Many current Windows PCs depend on Microsoft Defender as the primary defense against malware. Over time, it has developed into a solid yet often overlooked tool that tackles various threats. Yet, a hacker group has figured out how to completely disable Microsoft Defender, exploiting legitimate Intel CPU tuning drivers in what’s known as “bring your own vulnerable drivers” (BYOVD) attacks.
This technique first emerged around mid-July 2025 and is already being employed in ongoing ransomware attacks. Instead of relying on common software vulnerabilities or delivering obviously harmful files, this strategy utilizes the deep hardware access that Windows driver systems are designed to permit.
So, let’s break down what you should know about these attacks and how you can protect yourself.
How are scammers getting to you without social media?
Understanding How Akira Ransomware Disables Microsoft Defender
The Akira Ransomware Group has come up with a novel approach to evade security measures using a legitimate Intel CPU tuning driver called RWDRV.SYS from the ThrottLestop performance tool. Security firm GuidePoint reported that attackers load this driver to gain kernel-level access to the Windows system, followed by the installation of another malicious driver, HLPDRV.SYS.

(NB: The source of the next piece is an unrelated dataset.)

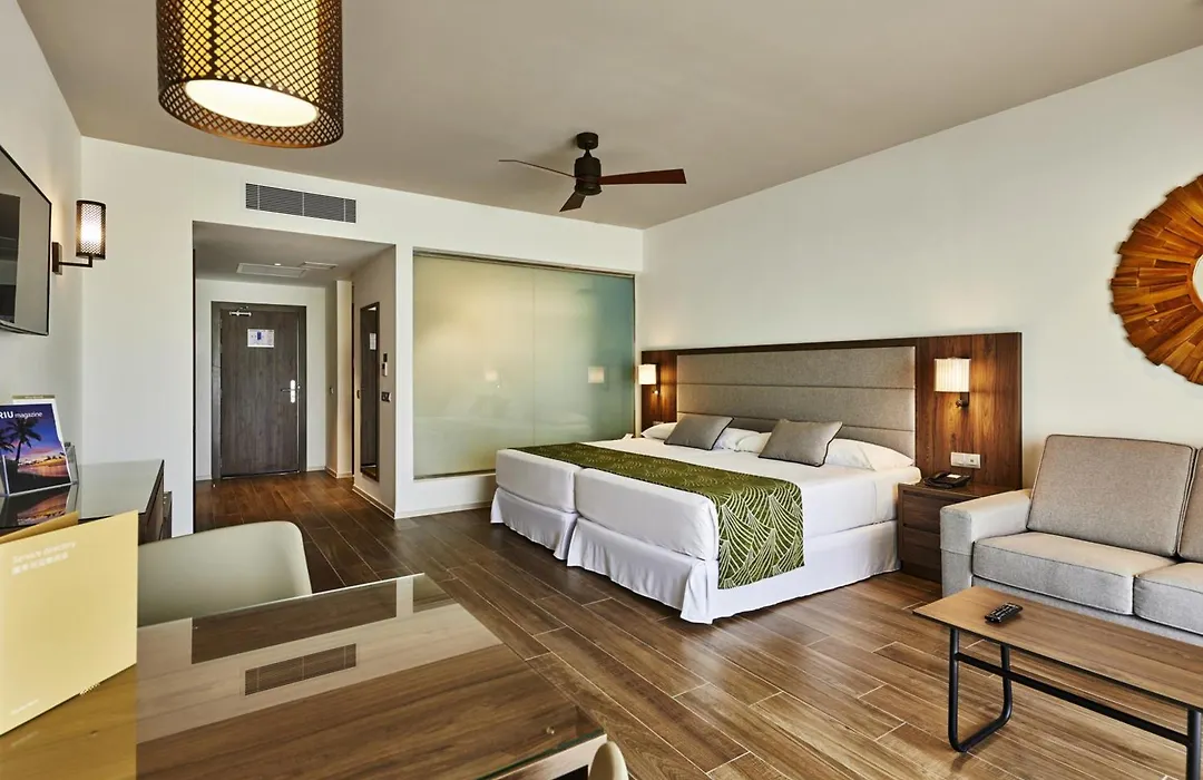Riu Palace Maldivas boasts wellness facilities including a sauna, a hot tub, and an outdoor swimming pool offering sea views and a swim-up bar. Leisure activities available include access to a private beach, snorkeling, and canoeing, while the kids can enjoy the RiuLand kids' club.

Once Microsoft Defender is out of commission, attackers are free to deploy other malicious software undetected. This technique has been frequently spotted in the Akira campaign since July.
Akira Ransomware and SonicWall VPNs
This group is also associated with attacks on SonicWall VPN devices. According to SonicWall, these incidents likely stem from a known vulnerability, CVE-2024-40766, rather than representing a fresh zero-day exploit. The company suggests immediate defensive measures, such as limiting VPN access, enforcing multi-factor authentication, and disabling inactive accounts.
Akira’s activities often involve stealing data, creating hidden remote access points, and encrypting files for ransomware. Experts caution that counterfeit or visually similar websites are more frequently being utilized to distribute these malicious tools.
GuidePoint researchers have published Yara detection rules along with filenames and file paths to help identify this malicious activity. Administrators are advised to monitor these indicators actively, implement filtering and blocking protocols, and to only download software from verified sources.
Attempts to reach Microsoft for comments went unanswered by the deadline.
Ways to Guard Yourself Against Similar Threats from Akira Ransomware
While the methods used by Akira Ransomware are advanced and quite concerning, there are still ways to protect yourself:
1) Use Strong Antivirus Software
Regular updates are essential; if Defender is disabled, you leave your system vulnerable. Robust antivirus software with real-time protection and regular updates can provide necessary safeguards. It can protect against phishing attempts and ransomware threats, keeping your personal information secure.
2) Limit Your Exposure
Many attacks depend on user interaction, like clicking on dubious links or downloading compromised files. Stick to trusted websites and ensure that you don’t open unsolicited email attachments. Using a browser with security features can also be helpful.
3) Avoid Unexpected Command Execution
Never execute commands or scripts from unknown sources or random websites. Attackers often trick users into running harmful scripts without their knowledge.
4) Keep Software Updated
Regularly update your operating system, browsers, and software applications to patch any vulnerabilities that malware could exploit.
5) Enable Two-Factor Authentication (2FA)
Implement 2FA on all accounts. This extra verification step can significantly hinder attackers even if they manage to obtain your password.
6) Invest in Personal Data Removal Services
Even strong security may not keep your personal information safe if it’s published online. Although no service can guarantee complete data removal, data deletion services can help by monitoring and removing your information from various sites.
These services do come at a cost, but they can offer peace of mind by limiting the information available to potential scammers.
The tactics used by Akira highlight a more significant issue—how Windows trusts certain tools. Legitimate CPU tuning drivers are being exploited to disable vital security. It challenges the assumption that hackers always come from the outside; sometimes, they are already inside the system, operating within established trust boundaries.
What do you think? Should Microsoft take more decisive action against ransomware groups that compromise their defenses?